Attorneys representing the Center for Science in the Public Interest sued USDA’s Food Safety and Inspection Service in 2014 because the agency would not declare the most dangerous Salmonella strains as adulterants.

But after only about 60 working days, the same attorneys cited Civil Procedure Rule 41 A to get the U.S. District Court for the District of Columbia to dismiss the lawsuit “without prejudice.”

The “41 A” dismissal motion must be used quickly before defendants file any responses or motions for dismissal. It is still a bit of mystery as to why CSPI dismissed its case. It did not get FSIS to declare strains of antibiotic-resistant (ABR) Salmonella as adulterants in meat and poultry.  Nor have others who have tried.

“Ample scientific and medical research demonstrates that ABR Salmonella in meat and poultry poses grave public health dangers,” said the CSPI complaint in 2014. “However, after more than three years after CSPI’s petition, FSIS has neither granted nor denied the petition, and it has taken no action to declare ABR Salmonella as an adulterant.”

CSPI wanted “certain strains.” of ABR Salmonella declared as adulterants, including ABR Salmonella Hadar, ABR Salmonella Heidelberg, ABR Salmonella Newport, and ABR Salmonella Typhimurium.  After dropping the 2014 court challenge, CSPI filed a petition to ban ABR Salmonella only to see it denied in 2018.

The antibiotic-resistant Salmonella strains were then causing the most illnesses and deaths among meat and poultry consumers, and that continues. All of the world’s 2,650 or so Salmonella strains continue to be allowed in U.S. meat and poultry.

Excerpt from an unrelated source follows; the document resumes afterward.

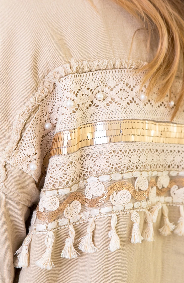 Details: pailletten, tassels, borstzakken, kant, drukknoopjes, parels en gerafeld Materiaal: 100% Katoen

The latest development in this long saga, as first reported in Sunday’s Washington Post, is that food safety attorney Bill Marler wants the federal government to ban dozens of Salmonella strains from meat and poultry. Along with some victims and activist groups, he’s petitioning FSIS to ban a much longer list of Salmonella strains than was at the heart of the 2014 case from the Center for Science in the Public Interest.

Marler was a key figure in getting E. coli O157:H7 made illegal after the Jack-in-the-Box tragedy 25 years ago. He later was successful in getting six other Shiga toxin-producing E. coli strains banned.

His new targets are “the following outbreak serovars (serotypes) to be per se adulterants in meat and poultry products: Salmonella Agona, Anatum, Berta, Blockely, Braenderup, Derby, Dublin, Enteritidis, Hadar, Heidelberg, I 4,[5],12:i:-, Infantis, Javiana, Litchfield, Mbandaka, Mississippi, Montevideo, Muenchen, Newport, Oranienburg, Panama, Poona, Reading, Saintpaul, Sandiego, Schwarzengrund, Senftenberg, Stanley, Thompson, Typhi, and Typhimurium.”

Marler calls his list “Salmonella Outbreak Serotypes.”

The meat industry has a messaging problem with Salmonella. It goes from depicting Salmonella as a problem that will eventually be solved by technology to its old stand by position of blaming consumers who don’t understand how to use thorough cooking techniques to kill naturally occurring bacteria.

Neither FSIS nor the meat industry have yet responded to Marler’s 62-page petition.

About 1.35 million infections, 26,500 hospital admissions, and 420 deaths occur annually due to Salmonella, according to the federal Centers for Disease Control and Prevention (CDC).

Richard Raymond, USDA’s Under Secretary for Food Safety for President George W.Bush, told the Washington Post that “the contamination rate with chickens is a particular embarrassment.”

The Marler petition says the 10 most prevalent Salmonella serotypes are responsible for 59 percent of all NTS-associated human illnesses. Forty-one percent of Salmonella-related human disease is caused by the top three serovars.

“Accordingly, the petitioners urge the administration of FSIS to issue an interpretive rule declaring Outbreak Serotypes of Salmonella adulterants within the meanings of the FMIA and PPIA, ” the petition says. “By banning recurring serotypes in meat and poultry products, FSIS will take a significant leap forward in ensuring the safety of American consumers. As the burden of Salmonella infection within the U.S. steadily increases, immediate action on this issue is critical.”

Rick Schiller, Steven Romes, the Porter Family, Food & Water Watch, Consumer Federation of America, and Consumer Reports are among the Marler petitioners.   Marler is managing partner of the Seattle-based food safety law firm of Marler Clark and publisher of Food Safety News.